The shot deafens him for a moment, delaying the realisation that it's her body that's contorting and falling. He jumps up, trying to catch her, to save her from hitting the floor too hard. He holds her as she gasps up blood, and feels it spraying his jacket. It doesn't last long. She dies in his arms.

"How unexpectedly sentimental of you, brother mine."

Mycroft looks up at the woman standing under the portrait of W.G. "I don't recall inviting you. To what do I owe the honour?"

"Perhaps I'm sentimental too. After all, what would Mummy have said if I'd let a strange woman put a bullet in you?"

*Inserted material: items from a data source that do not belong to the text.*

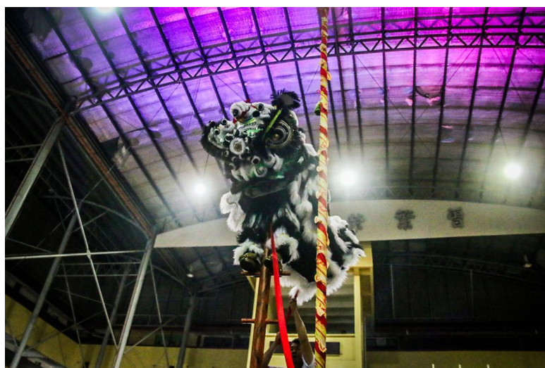
图七：爬上“将军栋”的传统南狮“牙擦苏”狮。（2024 年 6 月 23 日摄于雪兰莪万挠三育华小）

留存下来的影像记录可以观察到，南狮演绎者会使用长形板凳叠起以代表高山。在 1990 年的马来西亚金狮国际赛就已经可以看到现代高桩的雏形，这场比赛已经开始出现了一栋栋排列复杂，高低不一的梅花桩。早期的高桩并没有规定的形式，现代高桩的排列方式和高度都已经进行了统一的标准，不可随意更改。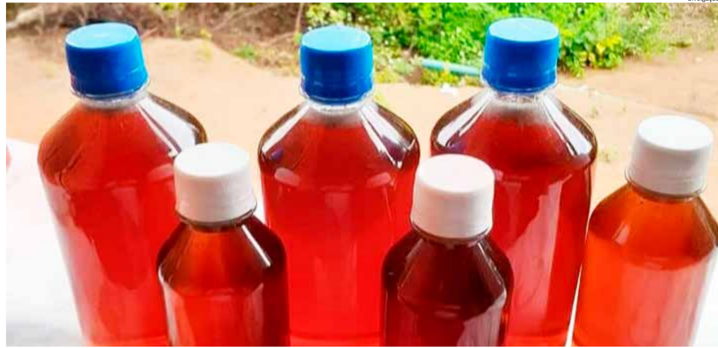
INVESTIMENTOS podem potencializar a produção de mel

Como incentivo, ele destaca que a associação Arca foi contemplada com uma casa de mel totalmente reformada e equipada com recursos do Fundo Internacional de Desenvolvimento Agrícola (Fida),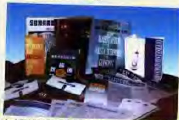
▲ 本所出版的部分信息系列产品。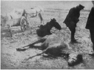
Wielki Głód na Ukrainie (okolice Charkowa, 1933 r.)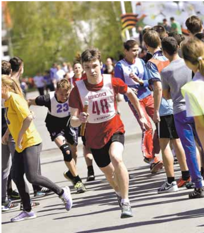
На фото: команда школы № 48 в этот раз не первая.

Текст: Борис ПРОСКУРИН.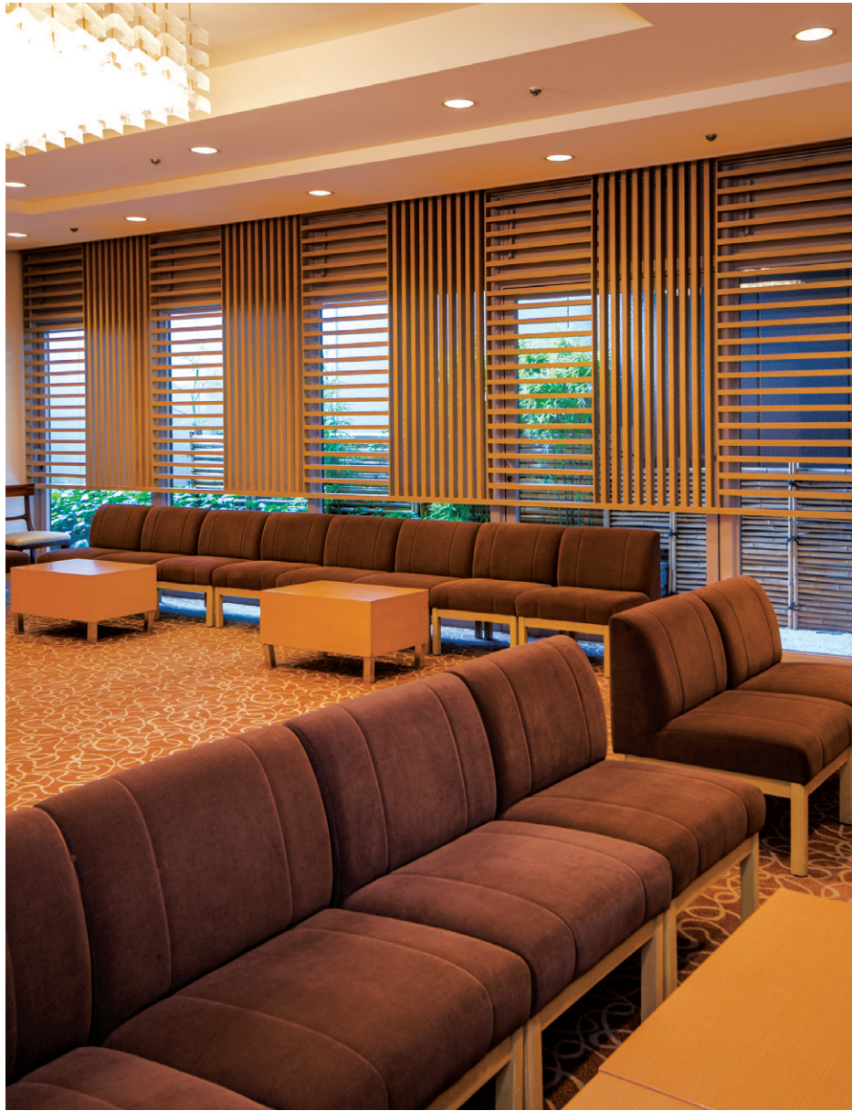
末広 / SUEHIRO

He lays Anne Vasey's body down, and stands. "And perhaps you're working for somebody who didn't want her talking about a job she'd done for them."

The woman grins. "Could be both. You never give up, do you?"

"Give up what?"

"Trying for recruits. You must be desperate if you've moved on from siblings to your own assassin."

He sighs. "It was worth trying. For your information, I'm wearing a bullet-proof vest."

"You haven't put on as much weight as I thought, then. But not much use if she shot you in the head."

The doors bang, and the Long Room fills with armed police, most of them shouting "Drop the gun!" She does.

"Is this her?"

"Good evening, Inspector MacKinnon. This is Grace Holmes. I suggest you arrest her for the murder of Anne Vasey, who's the one on the floor."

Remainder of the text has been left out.